What to work on >> Once the pictures have been set aside, copy every remaining entry exactly.

(Data excerpts)
---*---

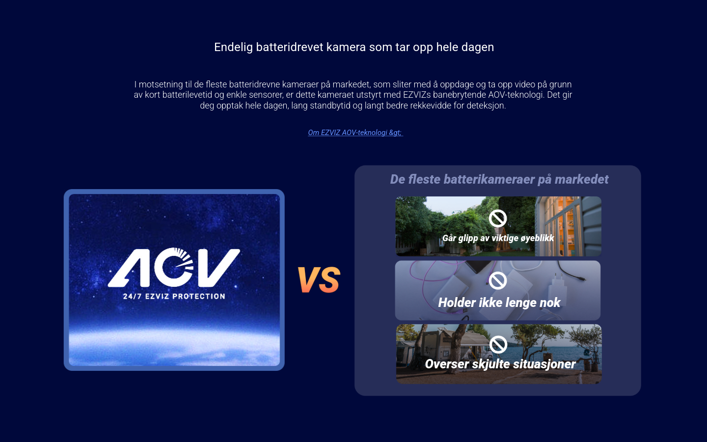 Kameraet støtter AOV-teknologi (always on video) med tidsforkortet 7×24 timers opptak, som sparer både batteri og lagringsplass.
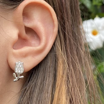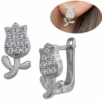 Tulipán virág mintájú, francia záras fülbevaló, ezüst ékszer
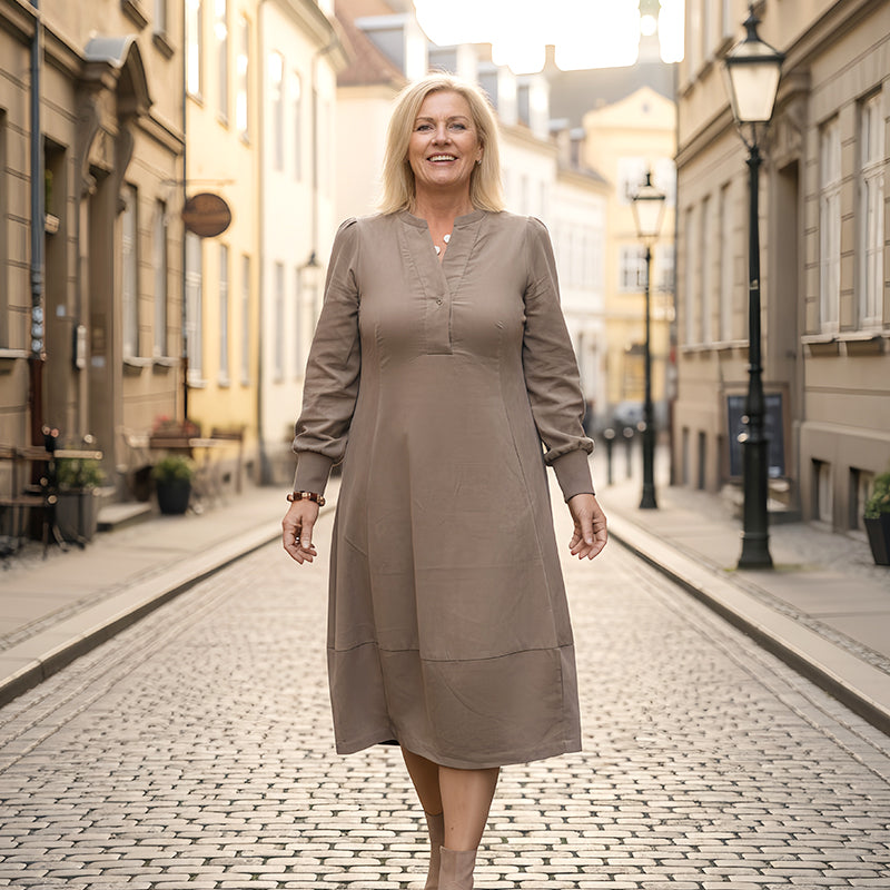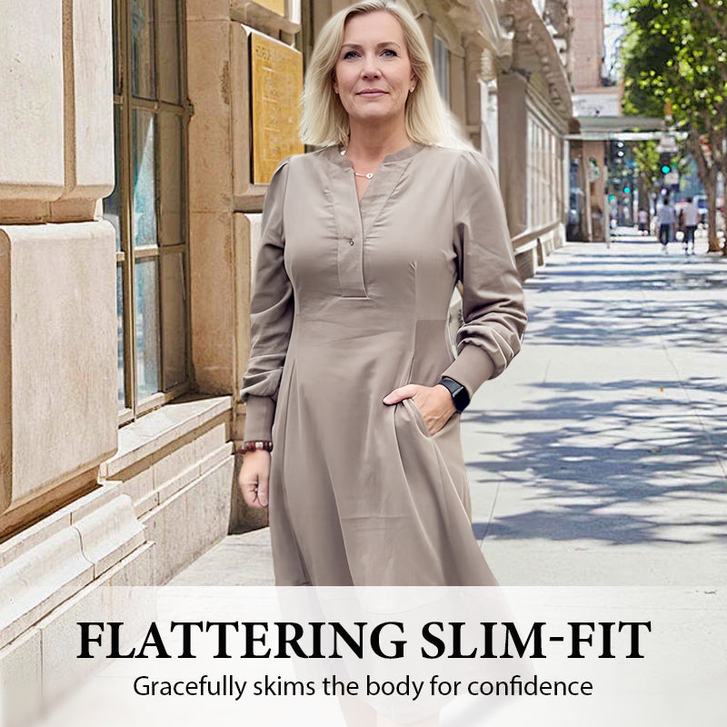 DURCHDACHTE DETAILS: Die Knopfleiste vorne verleiht einen Hauch klassischer Eleganz, während die beiden großzügigen Seitentaschen praktischen Nutzen bieten, ohne die klaren Linien des Kleides zu beeinträchtigen.
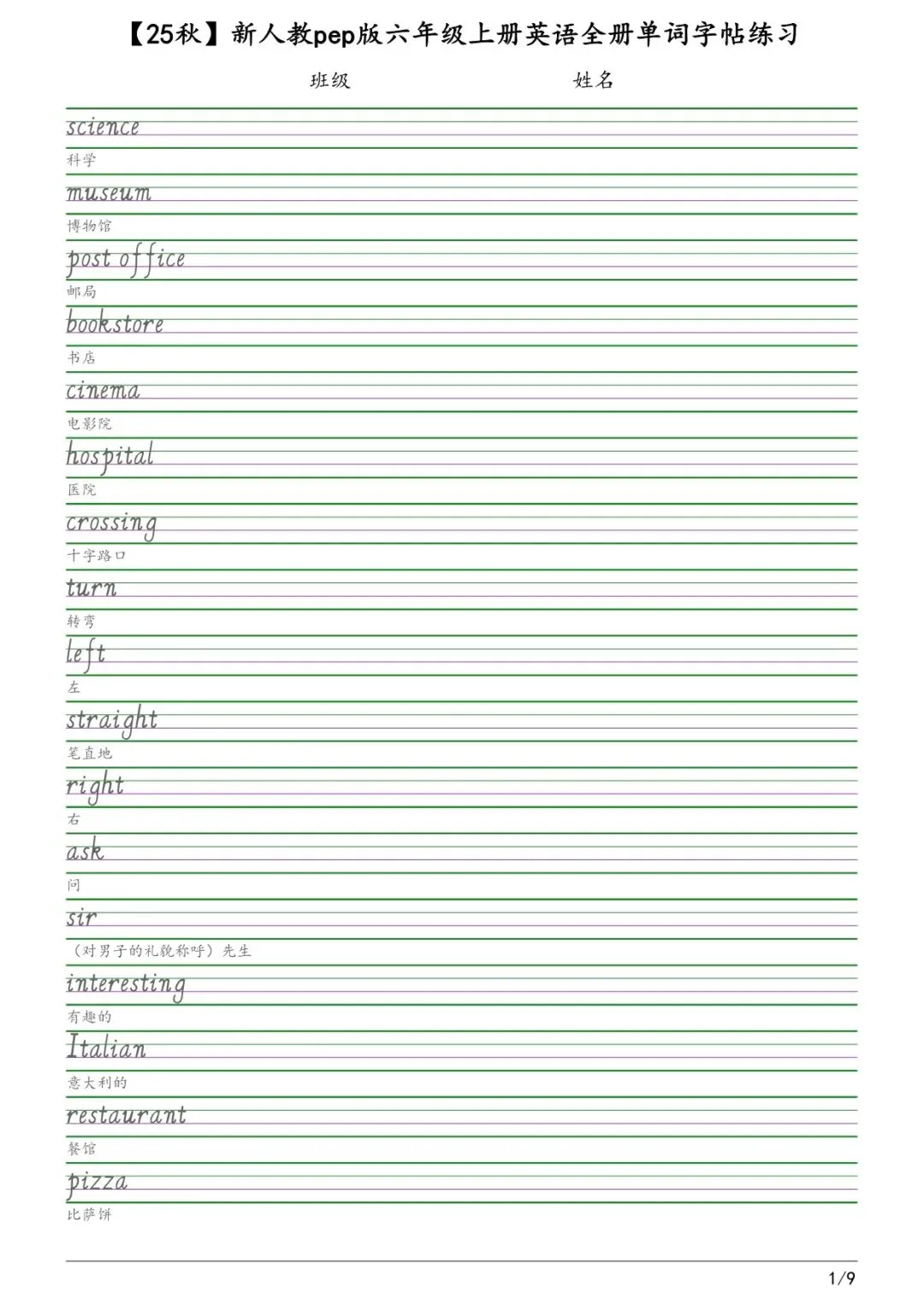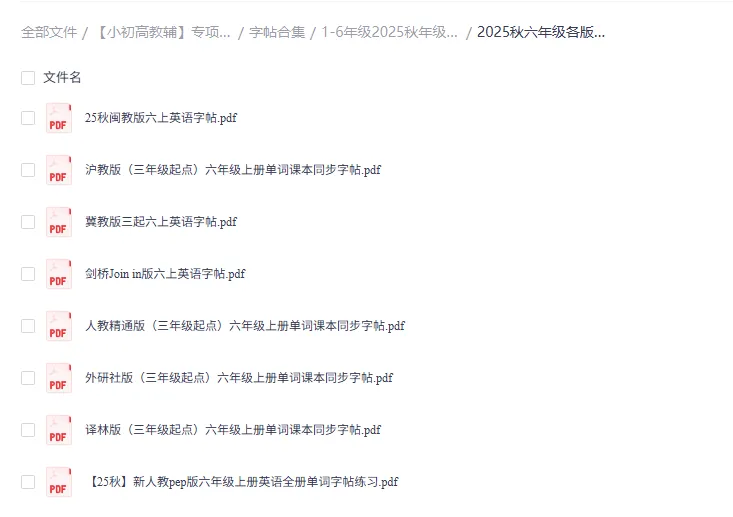✅ 2025秋新六年级各版本英语字帖
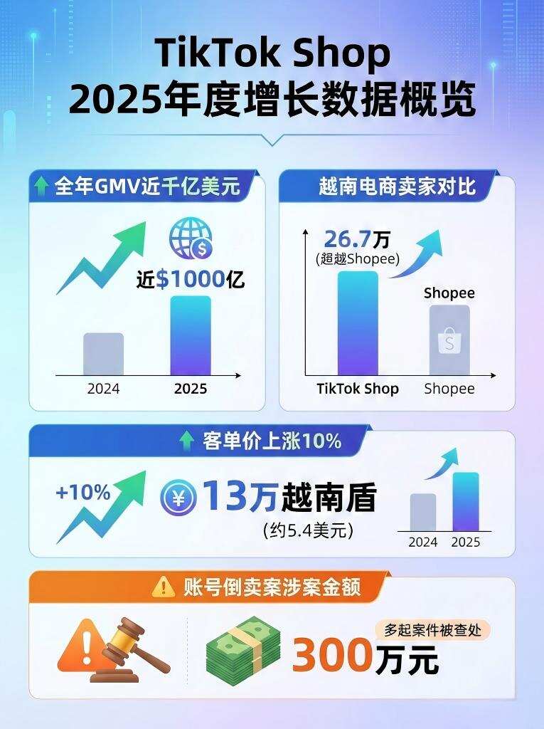 TikTok Shop在2025年实现显著增长,全年GMV接近千亿美元,位列海外主流电商平台第五,增速全球领先。平台活跃消费者已达4亿,第四季度GMV突破250亿美元。在越南市场,2025年上半年TikTok Shop活跃卖家数量激增96%至26.7万,首次超越Shopee的21万。同时,平台客单价同比上涨10%至13万越南盾。在合规方面,TikTok Shop官方通报两起账号倒卖案件,其中福建泉州特大账号倒卖案嫌疑人非法获利超300万元已被抓获。平台还升级了发货履约监测机制,延迟发货率超标将面临订单限制和罚款。
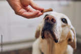 Man with his obedient dog at home. Cute labrador retriever looking up at his pet owner hand giving him cookie as reward. Selective focus on snout..
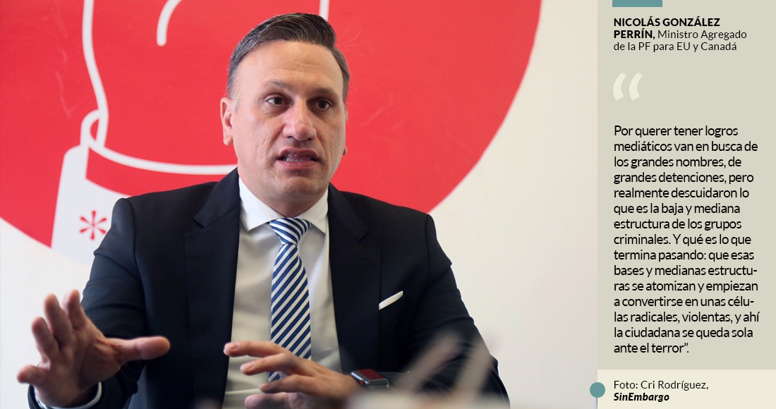 Nicolás González Perrín, quien fue el encargado de la detención de Joaquín "El Chapo" Guzmán Loera, es hoy Ministro Agregado de Seguridad de la Policía Federal ante los gobiern0s de Estados Unidos y Canadá. En entrevista con SinEmbargo, el funcionario hace una seria crítica a la estrategia de seguridad emprendida en las dos últimas administraciones federales y asegura que uno de los principales errores fue descuidar a las corporaciones preventivas y la evolución de las células criminales.

---*---

Reply to the exercise >>
 Kameraet støtter AOV-teknologi (always on video) med tidsforkortet 7×24 timers opptak, som sparer både batteri og lagringsplass.
 Tulipán virág mintájú, francia záras fülbevaló, ezüst ékszer
 DURCHDACHTE DETAILS: Die Knopfleiste vorne verleiht einen Hauch klassischer Eleganz, während die beiden großzügigen Seitentaschen praktischen Nutzen bieten, ohne die klaren Linien des Kleides zu beeinträchtigen.
✅ 2025秋新六年级各版本英语字帖
 TikTok Shop在2025年实现显著增长,全年GMV接近千亿美元,位列海外主流电商平台第五,增速全球领先。平台活跃消费者已达4亿,第四季度GMV突破250亿美元。在越南市场,2025年上半年TikTok Shop活跃卖家数量激增96%至26.7万,首次超越Shopee的21万。同时,平台客单价同比上涨10%至13万越南盾。在合规方面,TikTok Shop官方通报两起账号倒卖案件,其中福建泉州特大账号倒卖案嫌疑人非法获利超300万元已被抓获。平台还升级了发货履约监测机制,延迟发货率超标将面临订单限制和罚款。
 Man with his obedient dog at home. Cute labrador retriever looking up at his pet owner hand giving him cookie as reward. Selective focus on snout..
 Nicolás González Perrín, quien fue el encargado de la detención de Joaquín "El Chapo" Guzmán Loera, es hoy Ministro Agregado de Seguridad de la Policía Federal ante los gobiern0s de Estados Unidos y Canadá. En entrevista con SinEmbargo, el funcionario hace una seria crítica a la estrategia de seguridad emprendida en las dos últimas administraciones federales y asegura que uno de los principales errores fue descuidar a las corporaciones preventivas y la evolución de las células criminales.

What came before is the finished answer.